Время, может быть, более всего приковывает его взгляд. Он скажет про себя, что одержим временем. Так могло бы сказать про себя все человечество, если бы умело размышлять о своей судьбе с той отчетливостью, которой удалось добиться этому ученику Иова.

Чоран (1911–1995) родился в империи, которая перестала существовать в 1920-м, в Австро-Венгрии, в семье православного священника. Румын по национальности, он принадлежал к национально и религиозно угнетаемой части подданных империи. Но с образованием Румынии как отдельного государства он почувствовал себя на окраине цивилизации, на обочине исторического процесса. Он сделал все, чтобы вернуться в центр. И, добравшись до него, обосновавшись в нем, понял, что его усилия были метафизически бессмысленны. То, что представлялось центром, оказалось воронкой, провалом в небытие. Центр исторического процесса оказался окраиной бытия. Более пятидесяти лет своей жизни он прожил в Париже.

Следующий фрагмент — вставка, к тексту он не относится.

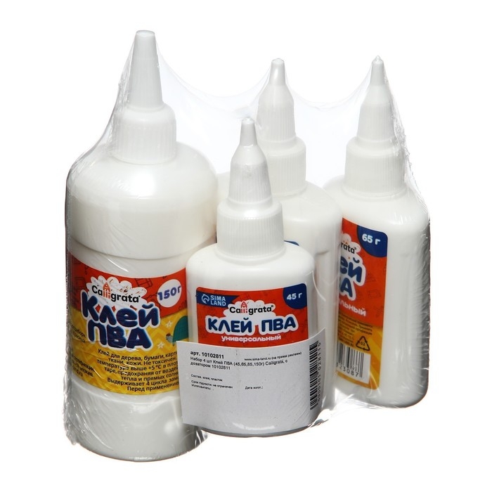 Клей ПВА Calligrata, с дозатором, набор из 4 шт по 45, 65, 85, 150 грамм

С этим его перемещением связана путаница с именами. На обложке книги, изданной Б. Дубиным, по-русски он назван Эмиль Чоран, по-французски — Emile Michel Cioran. По-румынски Мишель звучало бы как Михай. Cioran во французской огласовке читается как Сиоран. Чоран пришел к нам под двумя именами: книга, изданная В. Никитиным, открывается первым произведением Чорана, написанным по-французски: «Разложение основ» (1949). С тех пор он писал свои вещи только на французском, став признанным мастером языка.

Это не было трезвым и здравомысленным переходом на мировой язык с языка провинциального. Это еще одно движение от «периферии» к «центру» — еще одна утрата рая. В словаре Чорана огромный удельный вес принадлежит словам «отречение» и «вызов». Акт смены языка определяли именно они. Отречься от самого родного и дорогого, бросить вызов чему-то совершенно чуждому и овладеть им как родным — два идентичных в своей противоположности действия; оба они делают наиболее интенсивным присутствие «я», чистого «я», избавленного от всех пут и цепей, сковывающих его в обычном существовании. При этом нет человека, далее отстоящего от космополитизма, чем Чоран. Гражданин мира находит себя в согласии со всем миром (или тем, что ему таковым представляется) и недоволен лишь его обособившимися частями. Чоран всегда пребывает в противостоянии всему. «Я или нападаю, или сплю». Чтобы как следует оценить это высказывание, необходимо знать, что автор «Разложения основ» страдал многолетней изнуряющей хронической бессонницей («Идешь в постель как на бойню», — запишет он в дневнике). Тешить себя своими фантазиями о мире он был так же мало способен, как тешиться сном.

Но по-настоящему он любит только то, чему противостоит с яростью, — не важно, принимает противостояние форму «отречения» или «вызова». Чоран вознамерился творить и «померяться силой с аборигенами» на языке, который он выучил, уже будучи взрослым, на котором никогда не мог говорить внятно и без акцента и который по своим выразительным свойствам был полностью противоположен родному языку писателя (во всяком случае, так это ощущал он сам). Румынский, диковатый, сыроватый, необделанный, земляной, наиболее подходил для философских воплей и тщательно логически выстроенных проклятий — основного элемента его книг. Холодный, ясный, элегантный французский представлялся Чорану помесью «смирительной рубашки с крахмальной сорочкой», противоречил его природе, его необузданности, его настоящему «я», его «убожествам». Ну что ж, иначе это не было бы ни вызовом, ни отречением. «Именно из-за этой полной несовместимости, — пишет Чоран, — я и привязался к нему до такой степени, что буквально возликовал, когда известный нью-йоркский ученый Эрвин Чаргафф (родившийся, как и Целан, в Черновцах) однажды признался мне: для него заслуживает существования только то, что сказано по-французски…»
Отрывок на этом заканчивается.